Бывал я здесь тыщу раз. Здесь тоже всякая всячина на полках и на полу. Горка конфет-лампасеек рядом с ящиком гвоздей и мармеладом в коробке. Возле круглой печки-голландки, какая и у нас в горнице, две жестяных бочки — одна с подсолнечным маслом, другая (в отвернутой пробке которой торчит черная воронка с ручкой) с керосином. Этот керосин покупает нынче только наша окраина, куда не дотянули электричество, потому сейчас керосин есть в магазине всегда, а не как в далекую пору, которую я тоже помню.
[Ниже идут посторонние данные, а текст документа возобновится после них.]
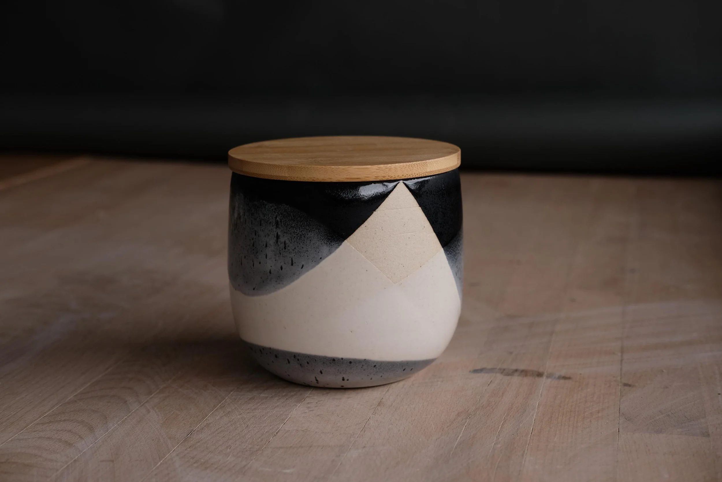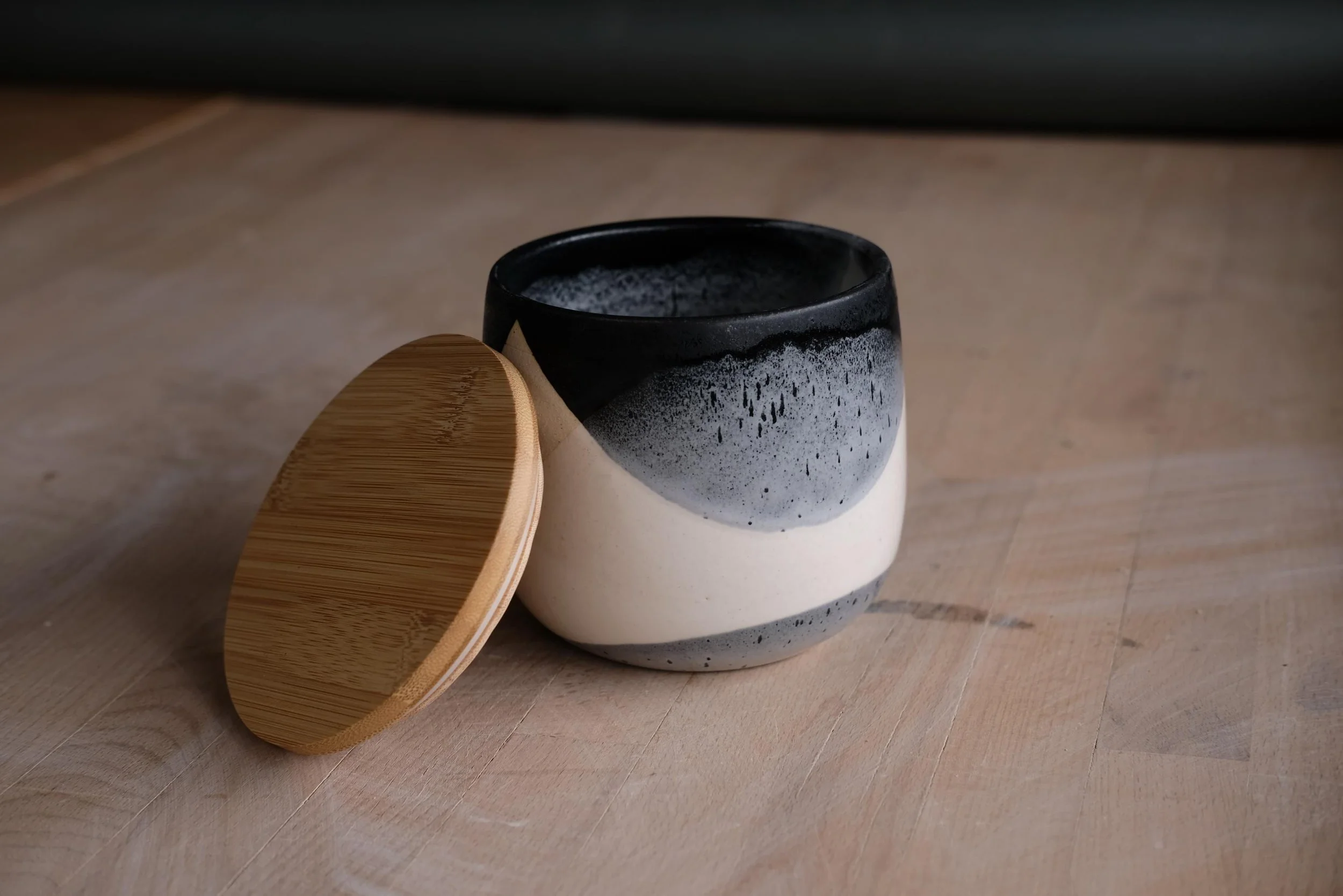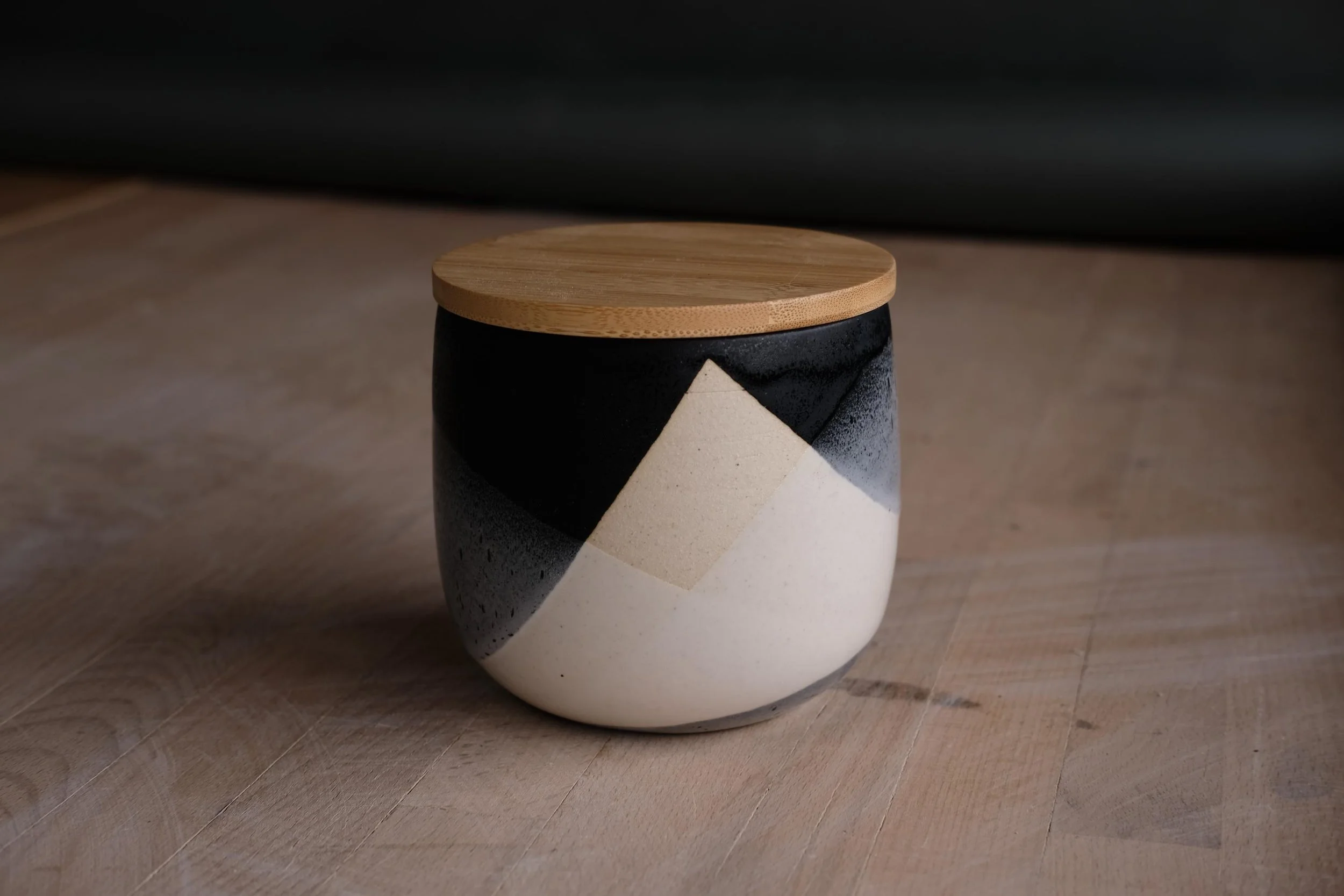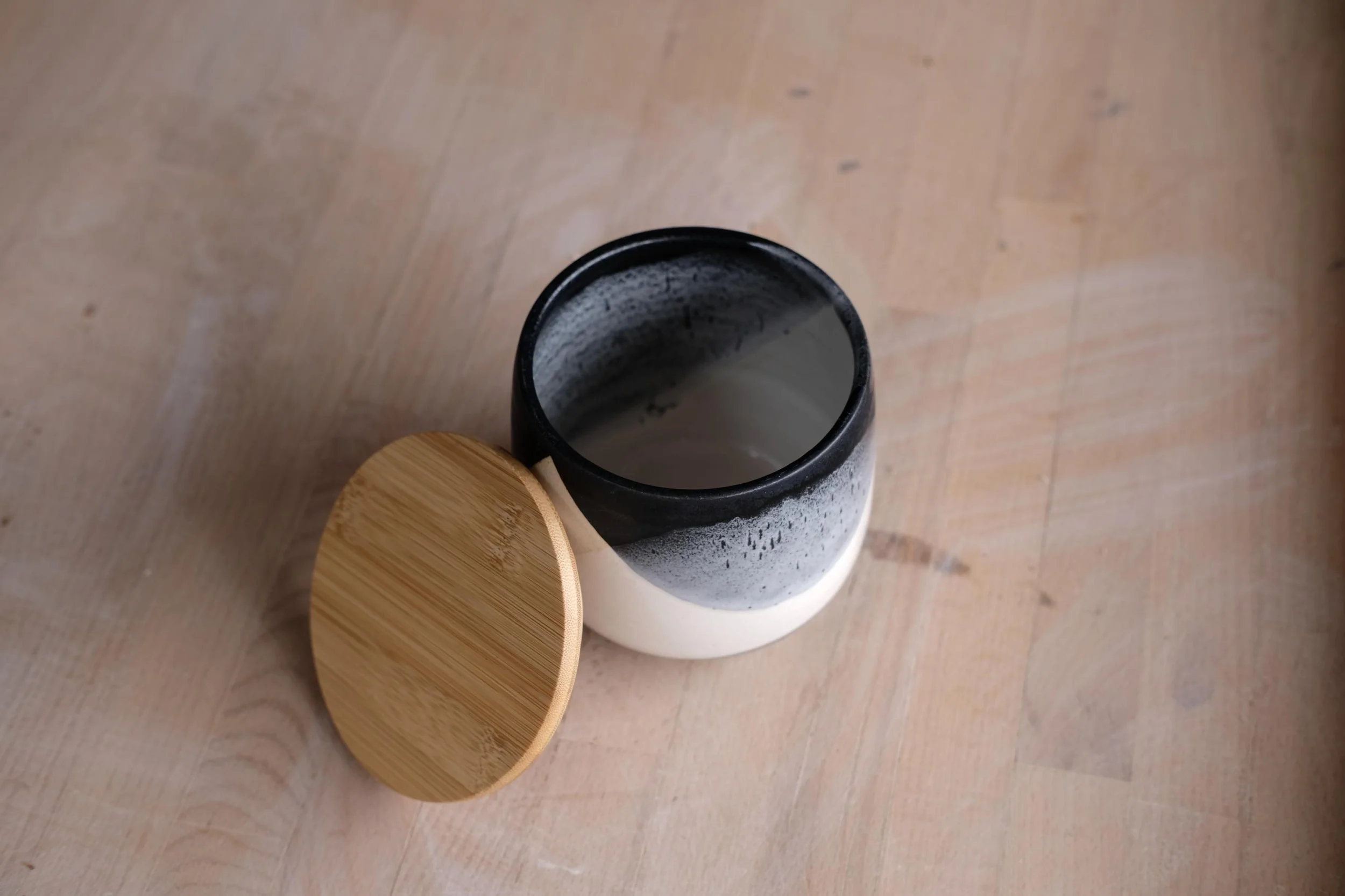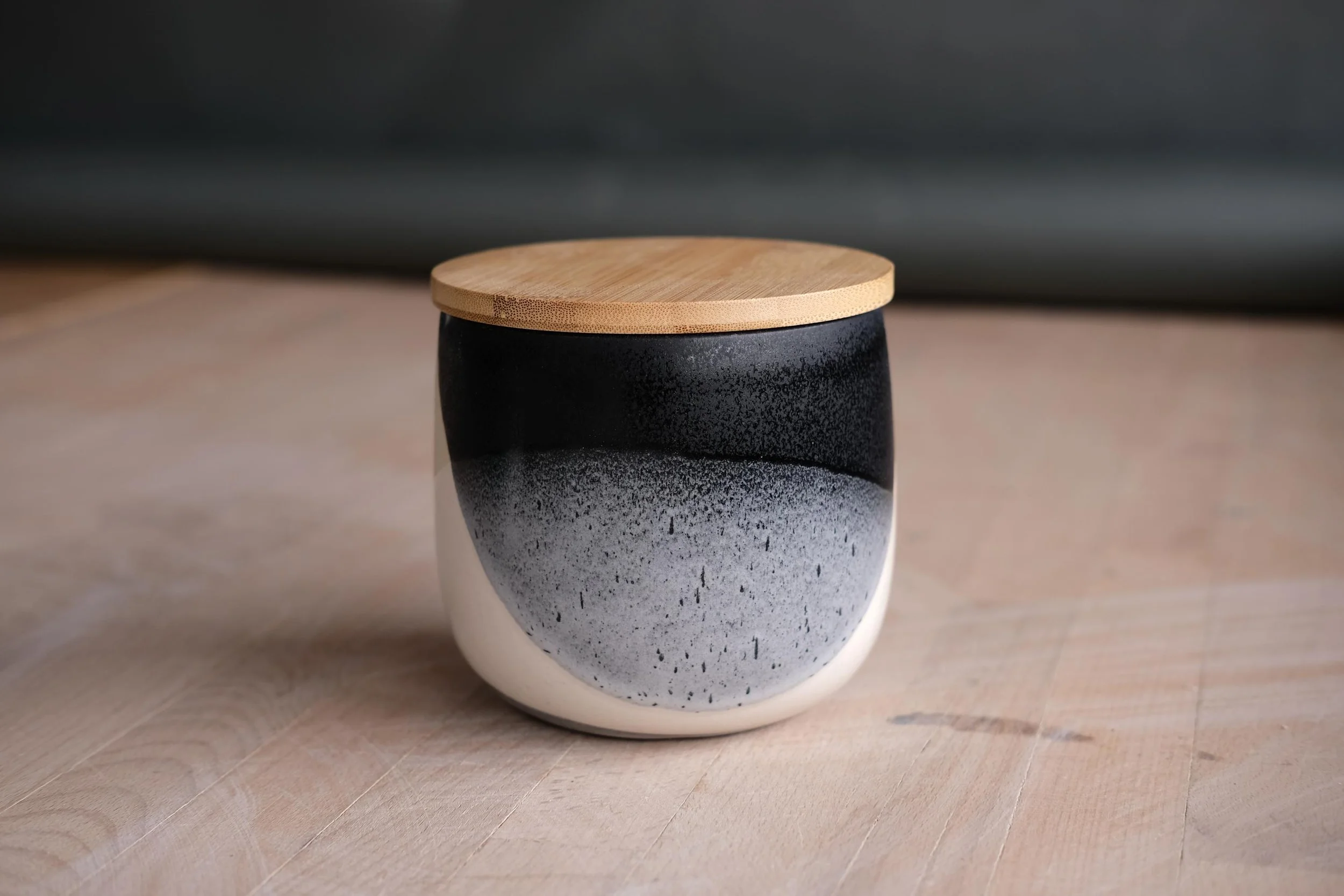 Handmade stoneware lidded jar Its rounded shape fits perfectly and comfortably in the palm of your hand. perfect for dry food storage, bathroom or to use like a little box of treasures. — D4.5" H4.5" — All my ceramics are hand thrown on the wheel, trimmed, bisque fired, sanded, glazed and fired again. — Handmade ceramics have beautiful imperfections that makes them unique. — The glaze is food safe, durable, dishwasher and microwave safe.

Возле печки островерхой кучей, в навал, крупная серая соль. Разберут ее, до полу выскребут под голик, как начнется засолка груздей, а потом капусты. А на полках те же куски мануфактуры, что и у Мариковой, флаконы одеколона «Гвоздика», «Кармен» и дорогого, в бордовых коробочках, «Красная Москва». Какие-то тюбики с кремом, шпильки для волос, круглые коробочки зубного порошка и прочая всячина, что лежит годами. Первого марта, когда понижают цены, мама посылает меня посмотреть — на сколько снизили?! Дает мне пару рублевок, чтоб купил халвы. Любит она халву. Это — не моя, а мамина «слабость».
У прилавка две бабушки в платочках разговаривают с продавщицей Аней. Молоденькая, она недавно переехала к нам из деревни Песьяново. В отличие от Мариковой, которую называют Нюрой или Анной, а кто-то и отчество прибавит, молоденькую продавщицу сельмага так и зовут Аней, а бойкие парни, которых можно застать здесь вольготно сидящими на прилавке, говорят ласково — Анечка.
Когда бабушки выходят, Анечка заводит разговор со мной. Всегда почти про одно и тоже:
— И где ты взял такие большие и лохматые ресницы? Отдай их мне! Отдашь?.. Ну вот, вспыхнул, как девчонка! — щурит Аня голубые глаза. Ресницы у неё — да! — небольшие, белесые, некрашеные, их почти и не заметно. Когда она улыбается, то потом облизывает полные, немножно подкрашенные губы.
— Подрастешь, все девки твои будут, попомни меня…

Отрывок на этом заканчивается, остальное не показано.